Answer:
(A). 0.5g, (B). 0.83 g and (C). 0.875 g.
Explanation:
So, we are given the following data or parameters which are going aid us in solving this particular Question/problem.
=> Volume of X given = 50.0 mL = 50 × 10^-3 L and the mass of the aqueous solution contains = 1.00 g of compound X.

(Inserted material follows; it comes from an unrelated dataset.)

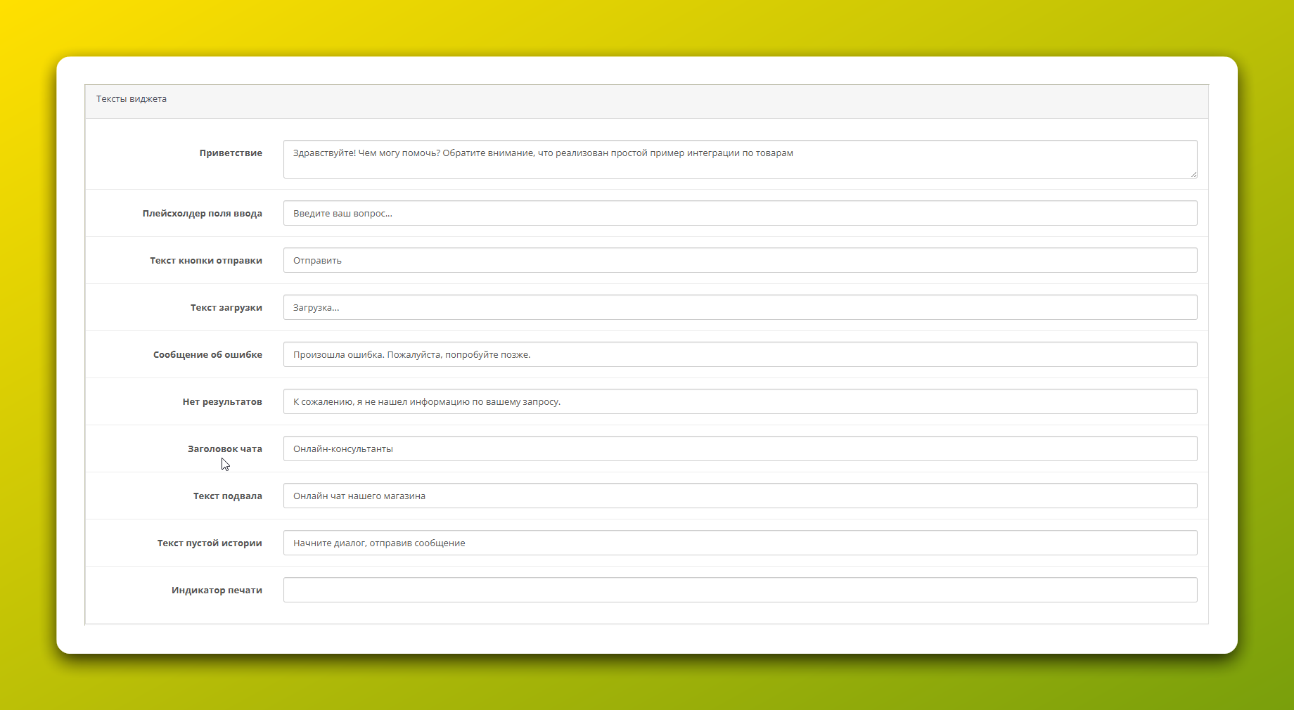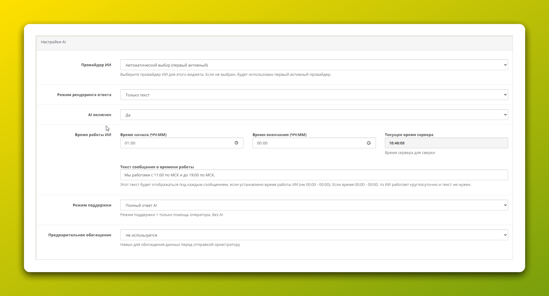 - Время работы ИИ: Позволяет настроить расписание, когда AI будет активен (например, с 9:00 до 21:00). В нерабочее время виджет может переходить в режим поддержки или скрываться.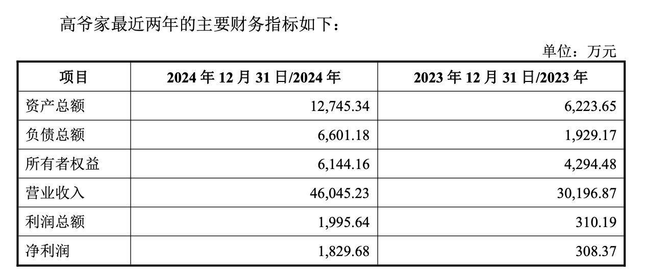 从业绩表现看,高爷家在2023年-2024年分别实现营收3.02亿元、4.60亿元,净利润则从308.37万元增长至1829.68万元,也就是说公司两年累计净利润约0.21亿元。

So, let us dive straight into the solution to this question;
(A). For a single 10.0 mL extraction with ethyl acetate, we have ;
(W1/V) ÷ (W- W1)/Vn = Kd.
(W1/50) ÷ (1 - w1)/10 = 1/5.
Thus, solving for w1, we have that w1 = 0.5.
Amount extracted = 1 - 0.5 = 0.5g.
(B). For a single 50.0 mL extraction with ethyl acetate, we have;
(W1/50) ÷ (1 - w1)/50 = 1/5.
W1 = 0.17.
Amount extracted = 1 - 0.17 = 0.83g.
(C). For Three 10.0 mL extractions with ethyl acetate, we have;
{(1/5 × 50)÷ (1/5 × 50) + 10}^3 × 1 = 0.125
The amount extracted = 1 - 0.125 = 0.875g.